Oh and a few things about his personality. He's been very easy to train. He's friendly to anyone who comes in our house (although he barks when they first come in the door), but when we are outside walking or playing, he barks at every person and dog. He nips quite a bit and herds my youngest boy. We have him in obedience training and he's the youngest in the class and also the most rambunctious.


----------



## Monsteroyd (Sep 18, 2012)

Cute over-load. Wow. Blew my cute circuits.

I'm going to call him a Dapple Toed Fluffy.
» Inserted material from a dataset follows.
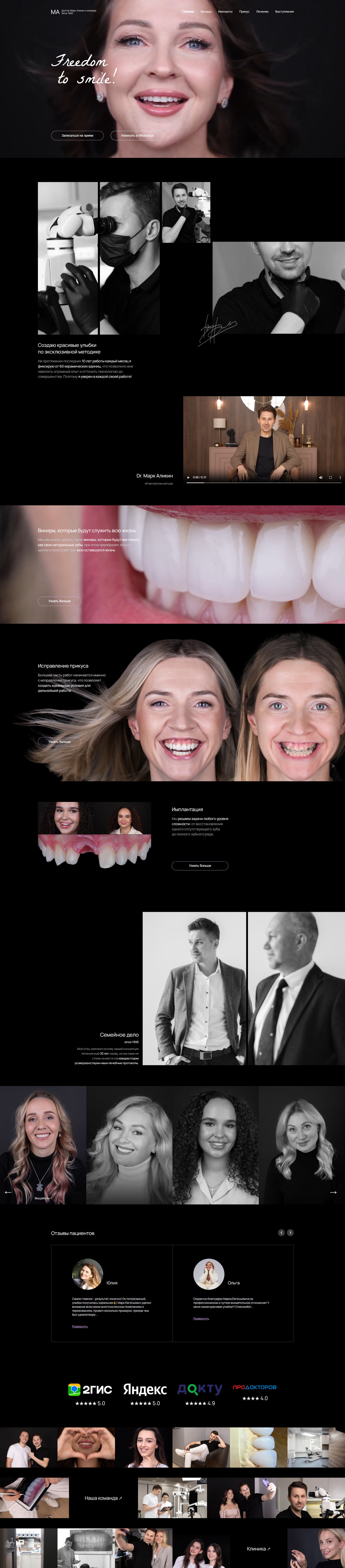 - Видеопрезентация клиники и история врачей.

That's my breed name and I'm sticking to it.

]Monty[


----------



## Two Leashes (Jun 5, 2010)

OMG I want! I will trade a spazztic, energizer bunny Border Collie/Siberian Husky (possibly some kangaroo) mix for him! No? Or maybe you'd like a dog that loves to run in circles and has an unhealthy love affair with tennis balls who is a German Sheperd/Australian Cattle Dog? OK final offer, a Lab who is obsessed with diving for and barking at rocks. lol

I vote Australian Shepherd/Australian Cattle Dog.


----------



## Sibe (Nov 21, 2010)

He's looking more GSD now than as a little pup. I think cattle dog is a good guess too.


----------



## HollowHeaven (Feb 5, 2012)

Aussie X ACD was my first guess, but he does look like he has some GSD in there.


----------



## HenrysMom (Nov 7, 2012)

Oh, interesting, never thought of ACD.


----------



## Pawzk9 (Jan 3, 2011)

HenrysMom said:


> Hi all - I'm new and so glad I found a forum to learn about my new puppy! We got him at a shelter and he is a mixed breed. We are told he is part Australian Shepherd, but are trying to figure out what else he is. Any opinions?
> 
> Here he is the first day we brought him home.
> 
> ...


Due to the extreme ticking, I would guess Aussie x Australian Cattle dog. He's a cutie!


----------



## savvy (Nov 6, 2012)

By his red merle coloring primarily on his legs and tail I would say he has a lot of Australian Cattle Dog, and his fluffy ears and head shape looks like German Shepherd.


----------



## LadyBugAnBuddy (Jul 13, 2012)

He is so handsome! Love his tail!<33 Going to be fun seeing picture's of this cutie pie growing.

~Erica~


----------



## Abbylynn (Jul 7, 2011)

The last pup I had was 20 pounds at 16 weeks. He is now 80 pounds at 1 and 1/2 years old. I believe that gorgeous puppy is going to be a big handsome guy when he is all grown up.


----------



## marsha=whitie (Dec 29, 2008)

savvy said:


> By his red merle coloring primarily on his legs and tail I would say he has a lot of Australian Cattle Dog, and his fluffy ears and head shape looks like German Shepherd.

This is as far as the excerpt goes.